● **TRY IT**: Restate word for word the entries below, starting with the line with "復古韓國chic風寬松V領棒球針織毛衣女2018新款N字母拉鏈開衫外套" and continuing through the line with "ブルーのプリザーブドフラワー". Include both of those lines and no others.

● **MATERIAL SHOWN**:

○ ○ ○ ○ ○ ○ ○

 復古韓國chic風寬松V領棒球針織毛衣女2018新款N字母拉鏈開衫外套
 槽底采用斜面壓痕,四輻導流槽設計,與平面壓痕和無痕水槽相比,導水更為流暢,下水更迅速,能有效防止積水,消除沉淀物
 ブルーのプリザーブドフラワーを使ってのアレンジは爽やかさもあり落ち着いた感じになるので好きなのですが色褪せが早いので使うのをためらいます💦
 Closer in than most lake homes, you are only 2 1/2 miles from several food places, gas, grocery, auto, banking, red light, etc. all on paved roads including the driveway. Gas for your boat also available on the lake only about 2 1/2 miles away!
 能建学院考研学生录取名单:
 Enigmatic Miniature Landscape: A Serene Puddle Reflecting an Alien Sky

○ ○ ○ ○ ○ ○ ○

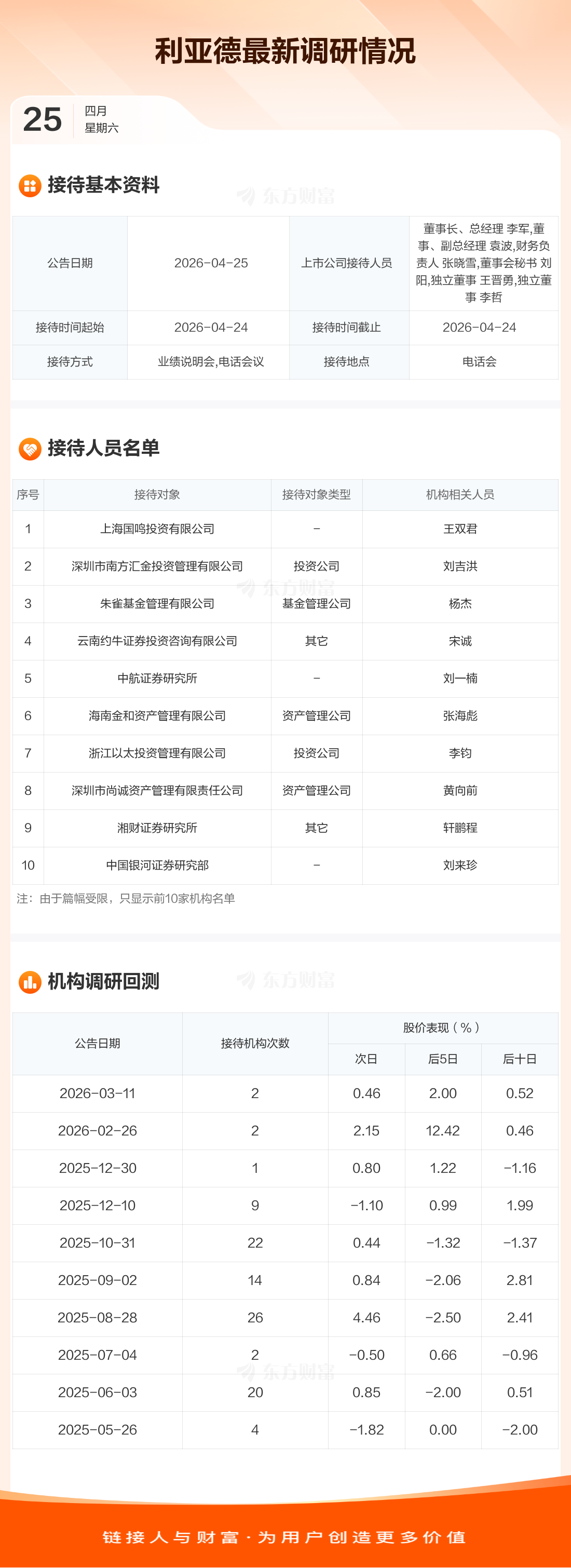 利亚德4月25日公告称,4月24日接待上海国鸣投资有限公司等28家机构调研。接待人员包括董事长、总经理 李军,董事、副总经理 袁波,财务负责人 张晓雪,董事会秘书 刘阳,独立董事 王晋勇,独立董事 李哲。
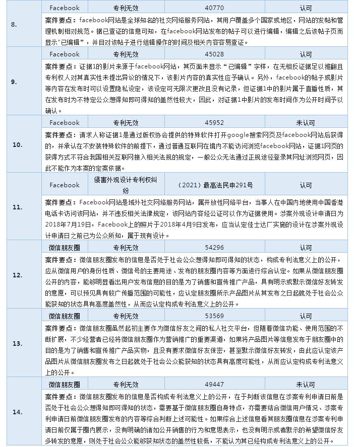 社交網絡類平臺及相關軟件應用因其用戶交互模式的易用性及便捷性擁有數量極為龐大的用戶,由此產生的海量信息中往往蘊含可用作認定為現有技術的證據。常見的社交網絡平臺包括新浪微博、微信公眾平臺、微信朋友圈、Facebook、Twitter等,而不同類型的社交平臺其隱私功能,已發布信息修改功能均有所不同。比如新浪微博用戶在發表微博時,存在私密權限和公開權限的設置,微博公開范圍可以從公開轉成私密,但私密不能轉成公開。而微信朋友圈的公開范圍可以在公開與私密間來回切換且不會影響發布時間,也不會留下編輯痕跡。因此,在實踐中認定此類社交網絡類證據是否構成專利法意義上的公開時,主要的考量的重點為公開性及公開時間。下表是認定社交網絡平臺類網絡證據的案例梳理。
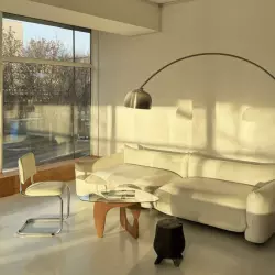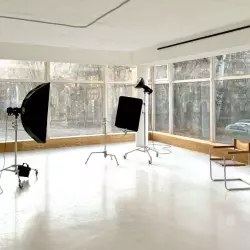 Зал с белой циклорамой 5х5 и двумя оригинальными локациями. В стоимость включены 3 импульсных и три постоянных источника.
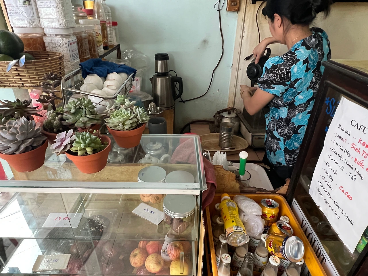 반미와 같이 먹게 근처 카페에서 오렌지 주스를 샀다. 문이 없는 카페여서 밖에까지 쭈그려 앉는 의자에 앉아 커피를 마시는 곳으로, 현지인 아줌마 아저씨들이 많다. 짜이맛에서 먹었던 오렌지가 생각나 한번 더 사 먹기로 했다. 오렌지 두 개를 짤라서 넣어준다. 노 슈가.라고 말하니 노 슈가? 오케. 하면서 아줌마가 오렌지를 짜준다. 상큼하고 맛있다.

○ ○ ○ ○ ○ ○ ○

● **OUTPUT**:
 復古韓國chic風寬松V領棒球針織毛衣女2018新款N字母拉鏈開衫外套
 槽底采用斜面壓痕,四輻導流槽設計,與平面壓痕和無痕水槽相比,導水更為流暢,下水更迅速,能有效防止積水,消除沉淀物
 ブルーのプリザーブドフラワーを使ってのアレンジは爽やかさもあり落ち着いた感じになるので好きなのですが色褪せが早いので使うのをためらいます💦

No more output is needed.